When the back end gets moved to the front things start getting interesting. One needn’t look too far into the London-borough-profiles workbook inlaid into the London Data Store site before you wind up shaking hands with the contributory data that primes the crisply-drawn map of the boroughs and their demographic traits in the Chart-Map sheet, as well as the ingredients batching the Profiles sheet into something comestible.

The data, featuring around 70 fields’ worth of borough-specific breakouts, are transparent to a fault, their formulas unpaved by hard-coded values and most available for the viewing and emending, and with their two hidden worksheets exposable at the touch of an Unhide command.

As a result, there’s a lot going on in this book. Start with Profiles, a collection of takes on a selected borough’s facts and figures, set into motion by a Data Validation drop-down selection menu (enabled by the List option) that reaps its list entries from the borough names fitted in the Data sheet’s column C (and range-named Boroughs). Click on the borough of Barnet for example and click again, this time on C7, and stare discreetly at this most curious formula:

=VLOOKUP(C$6,Data!$C:BW,lookup!$A1,FALSE)

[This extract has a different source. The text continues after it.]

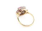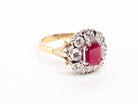 An impressive cushion shaped cluster ring containing a rectangular ruby centre stone 7x6mm (est 1.3carats) set into eight claws. Surrounded by eight x 3.5mm brilliant cut white diamonds, 0.15 carats each to a total estimated weight of 1.20 carats.
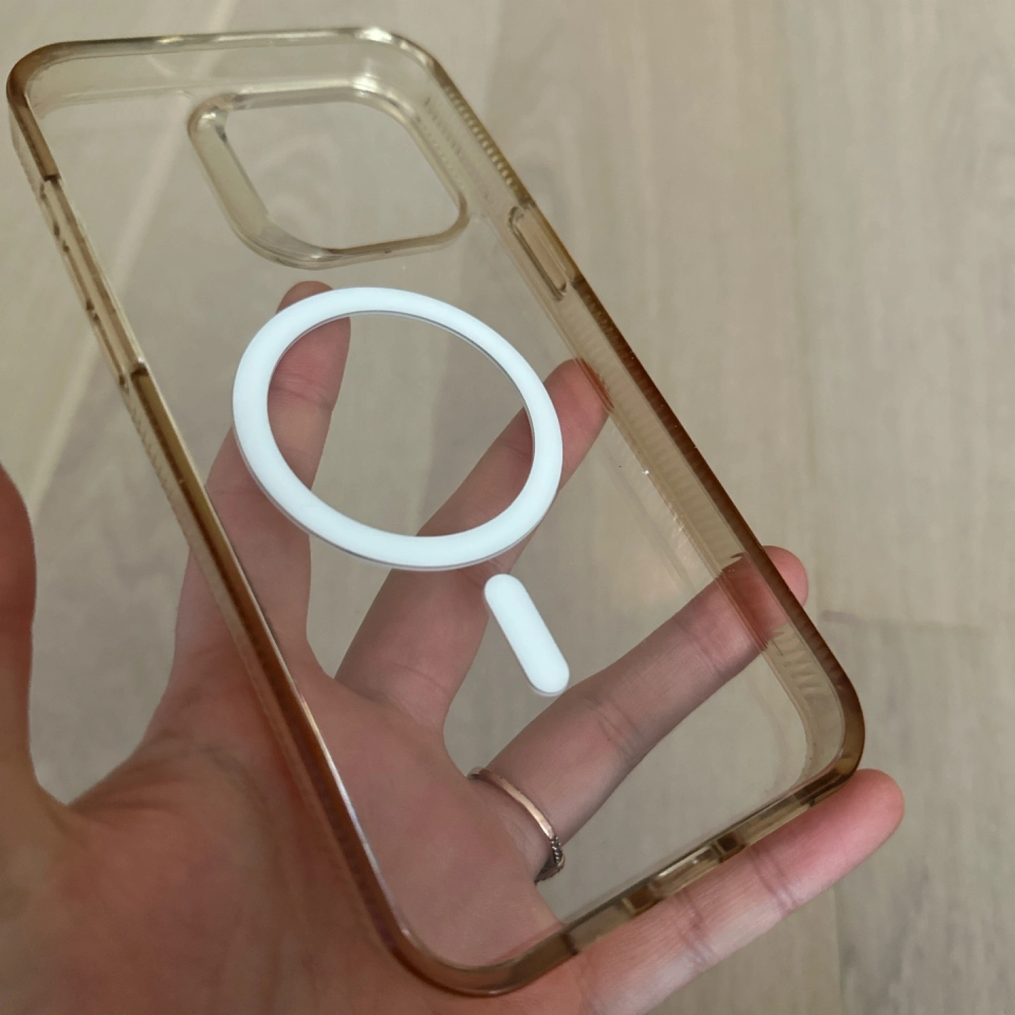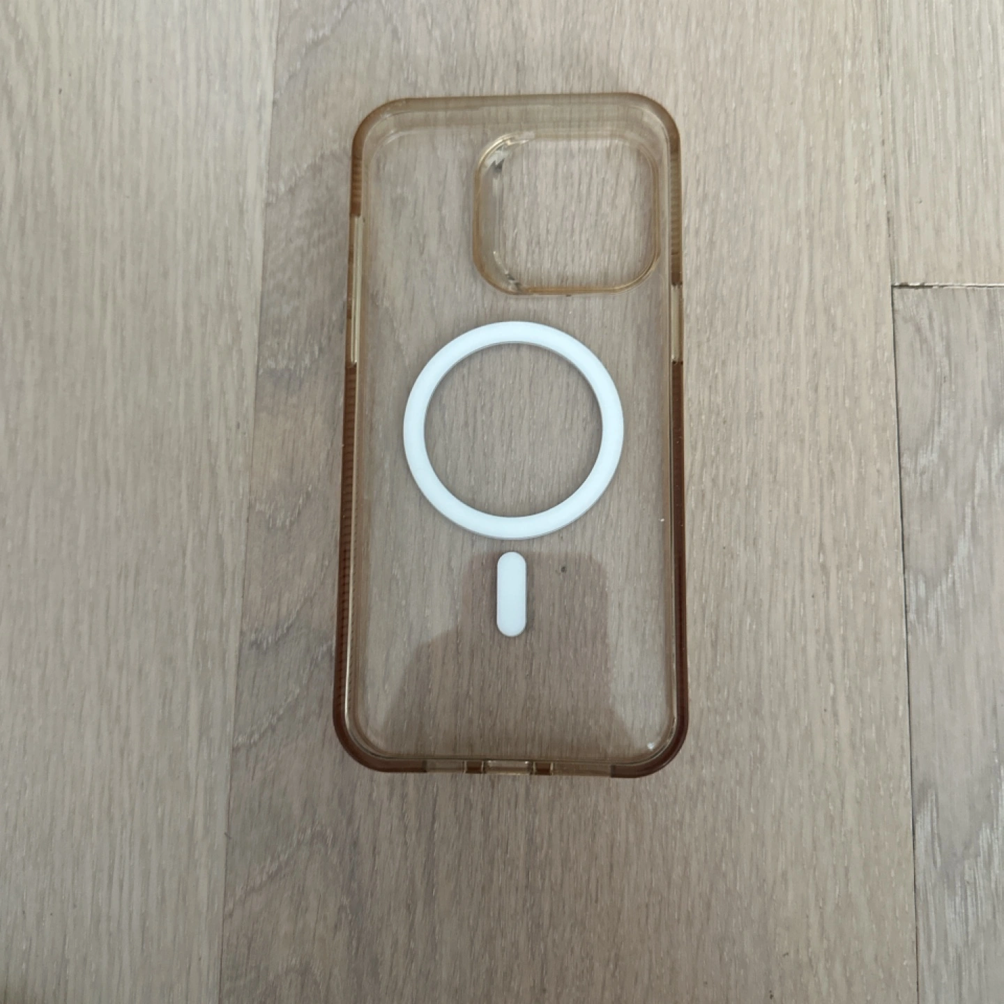 Clear phone case with a MagSafe design. It appears transparent with brown edging. You can feel more relaxed knowing your phone is protected. iPhone 15 pro max

The formula, meaning (and succeeding, after all) to convey Barnet’s population total, presses its lookup across three different sheets, and I think we need to ask if all that looking is necessary. The formula grabs the drop-down item in C6, which submits itself to a lookup table (or lookup array, in Excel-speak) awaiting in the Data sheet (and note the row-less C:BW reference, which in effect introduces every cell between those columns into the lookup array, and I’m not sure why that overreach was necessary). But it learns its column number – VLOOKUP’s third argument – from a cell A1 that’s been farmed out to yet a third sheet you need to Unhide, and entitled lookup (again, you can reveal the sheet without any obstruction).
In excerpt, lookup’s column A starts out looking like this:

bor1

Then scroll down Barnet’s borough attributes in Profile’s C column and observe the VLOOKUP column number references stationed in their formulas, each upped by an increment of one from the previous formula one row up, and each receiving that value from the lookup’s A as above – a column that has no concerted role to play in the workbook apart from its 76 numbers, sorted highest to lowest.

Thus the VLOOKUPs in Profiles sight their column, or index, number in a vertically stacked tower of consecutive values that names the horizontal columnar position of the field in which the formula is interested. Barnet’s population of 380,000, then, emanates from the third column in the data!C:BW table array:

bor2

But our formula is ordering up that 3 not from data!C:BW – the actual data source – but from a improvised list of numbers quite external to the VLOOKUP fray, in the sheet called lookup.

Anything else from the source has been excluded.